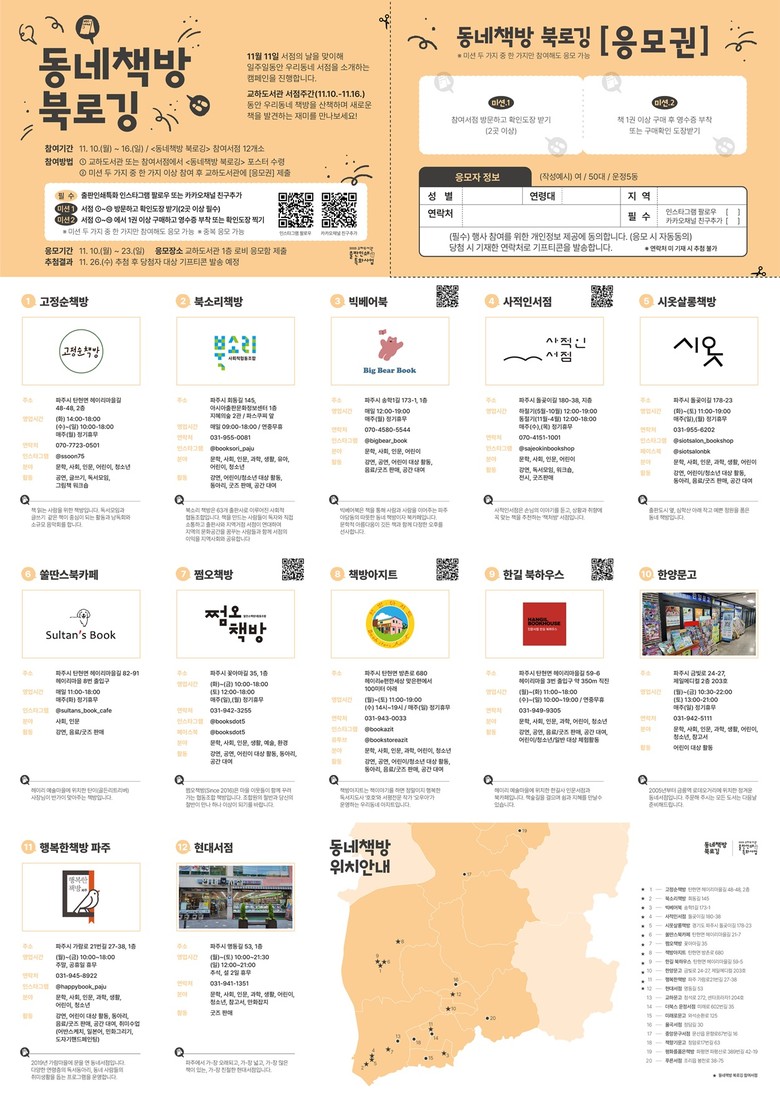 이재면 교하도서관장은 “2025년 서점의 날을 맞아 준비한 서점 주간 사업에 많은 관심과 참여를 바란다”라며, “앞으로도 교하도서관은 지역의 작은 책방이 더 많은 시민들과 만날 수 있도록 적극 홍보하고 지원하겠다”라고 밝혔다.
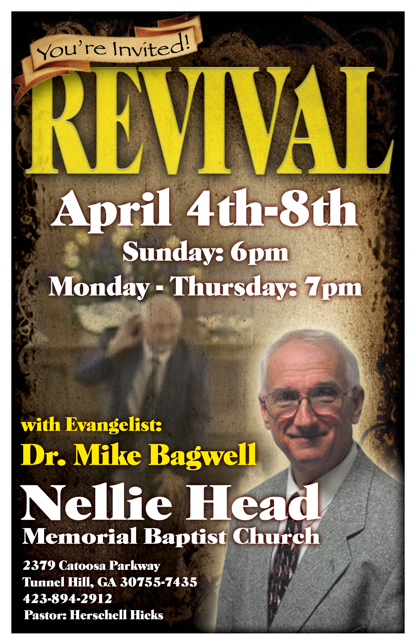 Bagwell Revival Flyers Previous item Spring 3 Revival Next item Young woman with raised... March 25, 2010 by admin 193 No image description ...
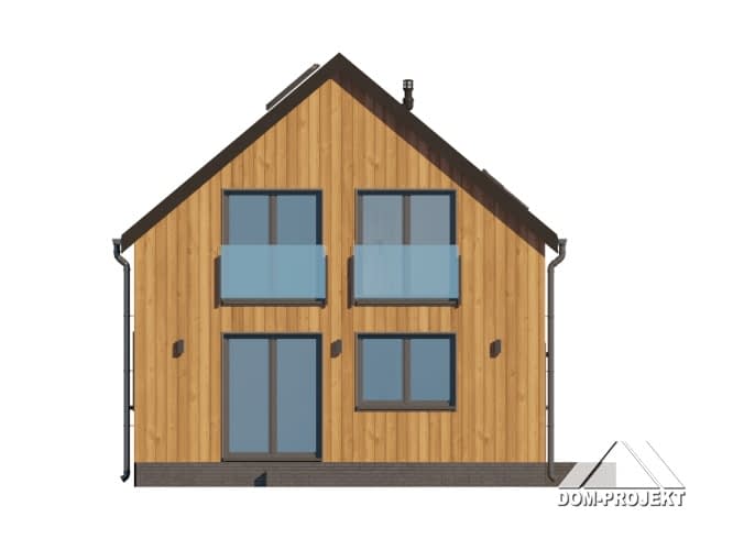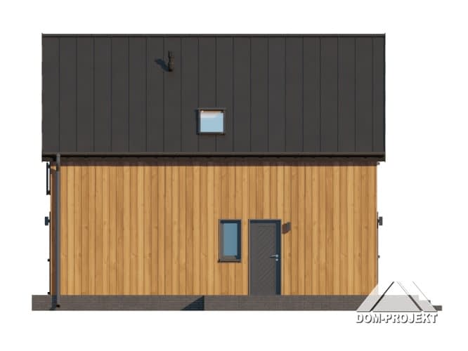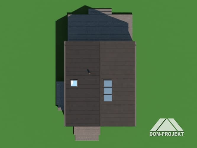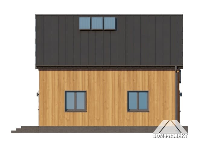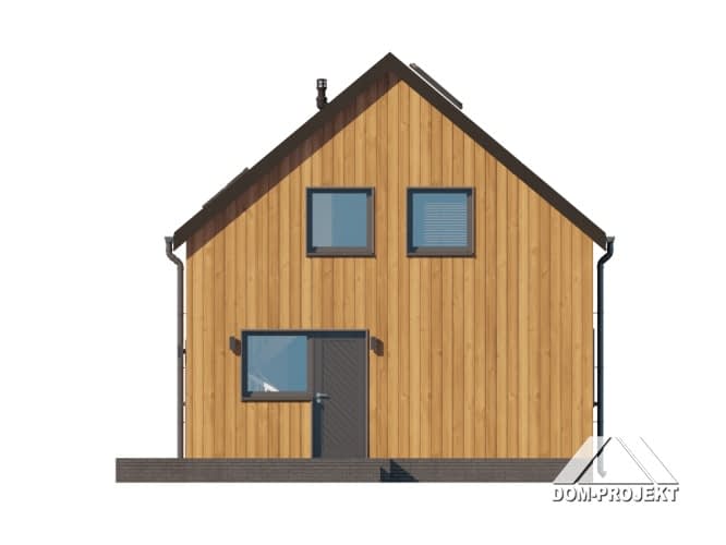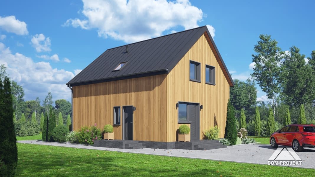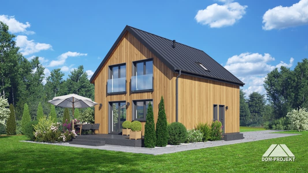 Dom z poddaszem użytkowym. Na parterze salon z kuchnią oraz wyjściem na taras. Pokój, łazienka, kotłownia, komunikacja, wiatrołap. Na poddaszu trzy pokoje, łazienka, komunikacja. Zwarta bryła budynku oraz dach dwuspadowy sprzyjają szybkiej i taniej budowie oraz niskim kosztom eksploatacji.Rzuty
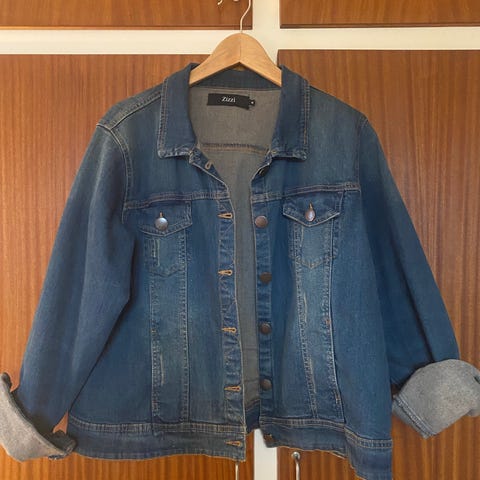 Cowboyjakke, str. 46, Zizzy, lyseblå, 82% bomuld 16% polyester 2% elashand, Ubrugt, En klassisk cowboy jakke. den er bleget, så den lyseblå falder forskelligt ud.
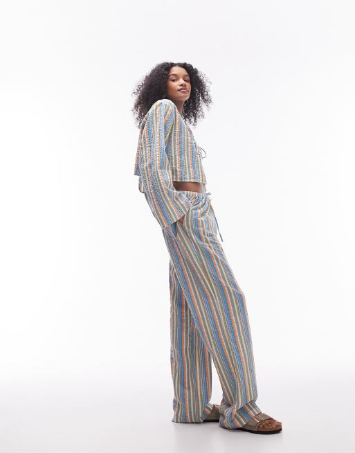 Topshop – Flerfärgade, randiga strandbyxor i bäckebölja med vida ben, del av set
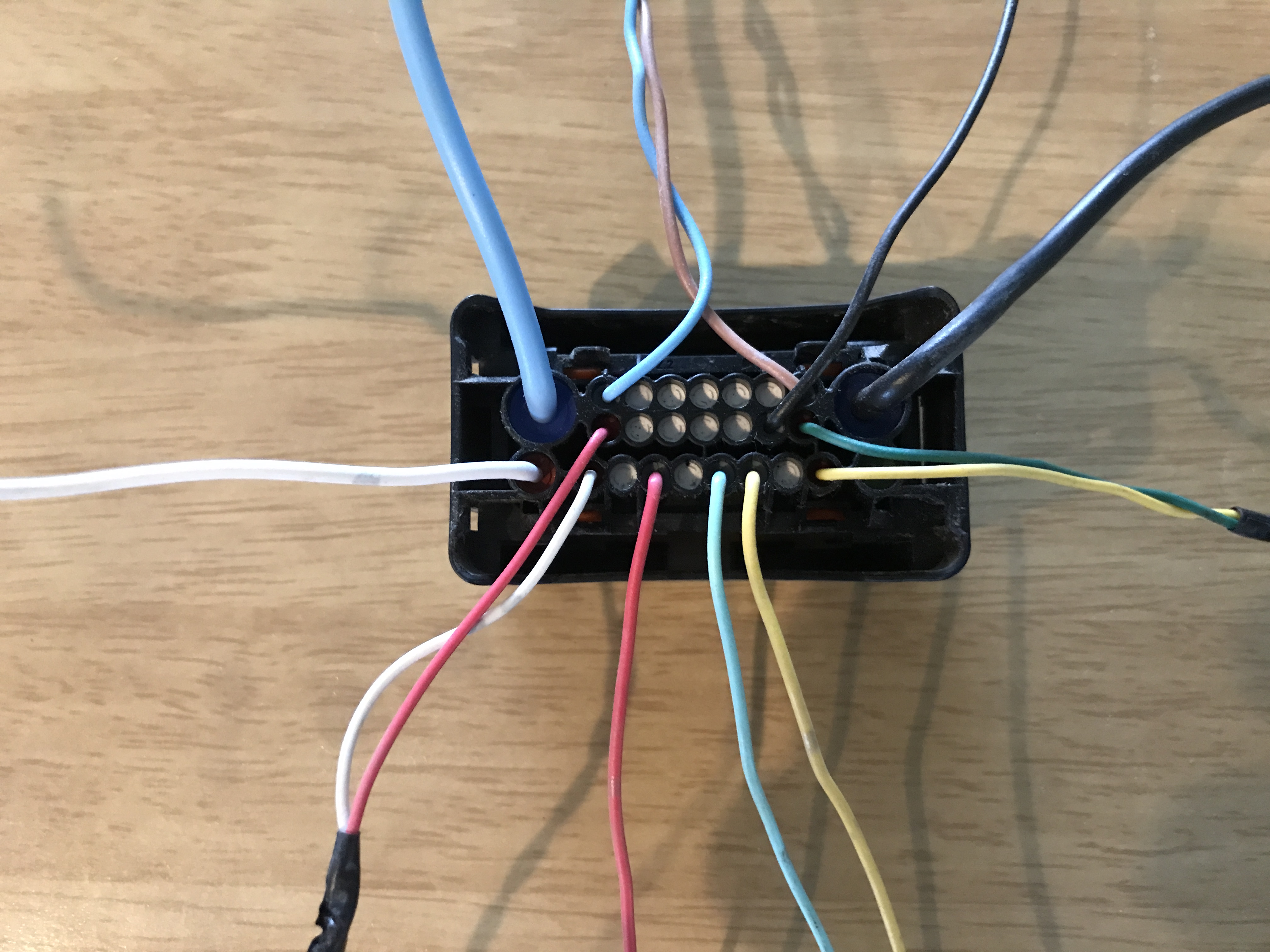 however BOSCH goes out of their way to make a connector so encapsulated that no one can tell which wire goes to where, so The Greg (and don't ask me how I did it) had to liberate the cover off of it to take a peek looksie inside

* * *

Assigned task →
Exactly the lines from the one with "Dom z poddaszem" through the end of the records should be written out, and only those. Pictures do not belong in the copy.

Response for this exercise →
 Dom z poddaszem użytkowym. Na parterze salon z kuchnią oraz wyjściem na taras. Pokój, łazienka, kotłownia, komunikacja, wiatrołap. Na poddaszu trzy pokoje, łazienka, komunikacja. Zwarta bryła budynku oraz dach dwuspadowy sprzyjają szybkiej i taniej budowie oraz niskim kosztom eksploatacji.Rzuty
 Cowboyjakke, str. 46, Zizzy, lyseblå, 82% bomuld 16% polyester 2% elashand, Ubrugt, En klassisk cowboy jakke. den er bleget, så den lyseblå falder forskelligt ud.
 Topshop – Flerfärgade, randiga strandbyxor i bäckebölja med vida ben, del av set
 however BOSCH goes out of their way to make a connector so encapsulated that no one can tell which wire goes to where, so The Greg (and don't ask me how I did it) had to liberate the cover off of it to take a peek looksie inside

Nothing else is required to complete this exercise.